Last summer, I practiced tai chi with my 83-year-old mother on the senior center near her home. The hour-long class helped me understand why this flowing, meditative practice is a really perfect exercise for older individuals with health issues. My mom is doing effective, but she has osteoporosis and had a heart valve replaced a couple of years ago.
Practiced in China for hundreds of years, tai chi has turn out to be popular within the United States in recent times, because of growing evidence of its many health advantages. Tai Chi not only improves balance and suppleness, it might prevent falls, reduce pain, and even help your heart.

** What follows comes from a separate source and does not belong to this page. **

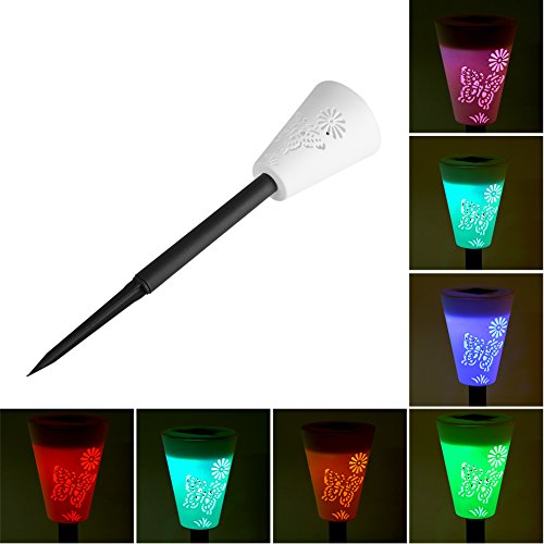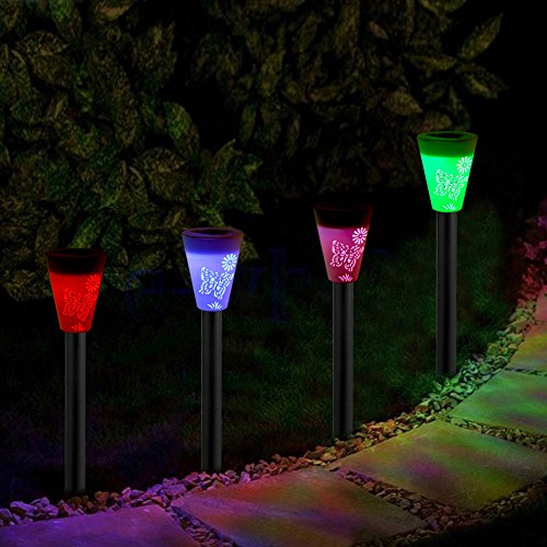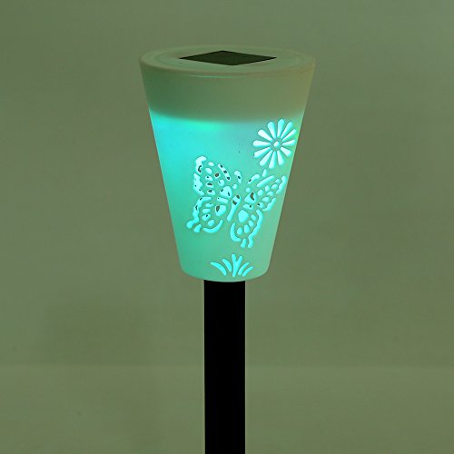 - 蝶のパターンの詳細とソーラーガーデンライト。経路と庭の特徴をマーキングするのに最適です。

Like walking, which will be relaxed or brisk, tai chi is definitely adaptable. You can do gentle movements while sitting in a chair or standing. You can repeat the sequence of movements to progressively strengthen your muscles. Like yoga, tai chi stretches your joints and connective tissues. But you don't need to land on the ground – a boon for individuals with limited mobility. And like yoga and meditation, tai chi encourages deep, slow respiratory.
Researchers analyzed data from 33 studies involving nearly 1,600 adults. Most were of their 60s or 70s and all had a number of chronic conditions: osteoarthritis, breast cancer, heart failure, or chronic obstructive pulmonary disease (COPD), a serious lung condition that features chronic bronchitis and emphysema. are included.

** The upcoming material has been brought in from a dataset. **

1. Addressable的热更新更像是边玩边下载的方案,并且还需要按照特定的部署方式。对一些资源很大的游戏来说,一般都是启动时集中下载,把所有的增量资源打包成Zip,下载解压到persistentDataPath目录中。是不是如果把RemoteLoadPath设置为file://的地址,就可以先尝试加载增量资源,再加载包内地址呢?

All studies were randomized and controlled: they compared individuals who did tai chi with individuals who either did one other kind of exercise or waited to affix a tai chi class. Overall, those that did tai chi showed greater improvements within the six-minute walking test, muscle strength (measured by bending and lengthening the knees), and quality of life. People with osteoarthritis didn’t bite as strongly as those with other conditions, but their pain and stiffness improved. And individuals with COPD who did tai chi had less shortness of breath.

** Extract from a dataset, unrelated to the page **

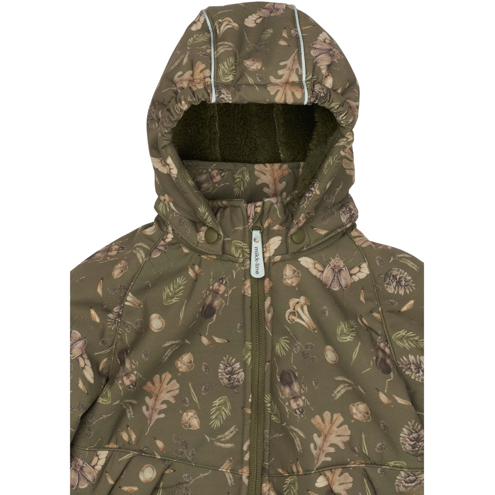 Mikk-line teddy softshell jacket with ears in a captivating nature AOP (all-over print), designed for children to enjoy outdoor activities and adventures. The outer fabric of this softshell suit contains 100% polyester. The jacket also features a name tag with room for more than one name, so please pass it on and let it be re-loved.

In fact, that is what I find most helpful about tai chi, sometimes called “meditation in motion.” During the category, the teacher guides you thru a series of slow-motion postures with provocative explanations, equivalent to “holding the bird's tail” and “waving your hands like clouds.” Instead of mentally scrolling through my to-do list (as I’m susceptible to during regular meditation), I used to be in a position to remain calm while focused. I also noticed a way of camaraderie among the many people in my mother's class. This is another excuse why taking tai chi classes improves people's quality of life, Wen says.
Classes often cost about $15. Wear loose, comfortable clothing and shoes equivalent to supportive shoes. Or you’ll be able to go barefoot in case you prefer. If you’ll be able to't find a category that's convenient for you, you’ll be able to buy a DVD, or search online for a video.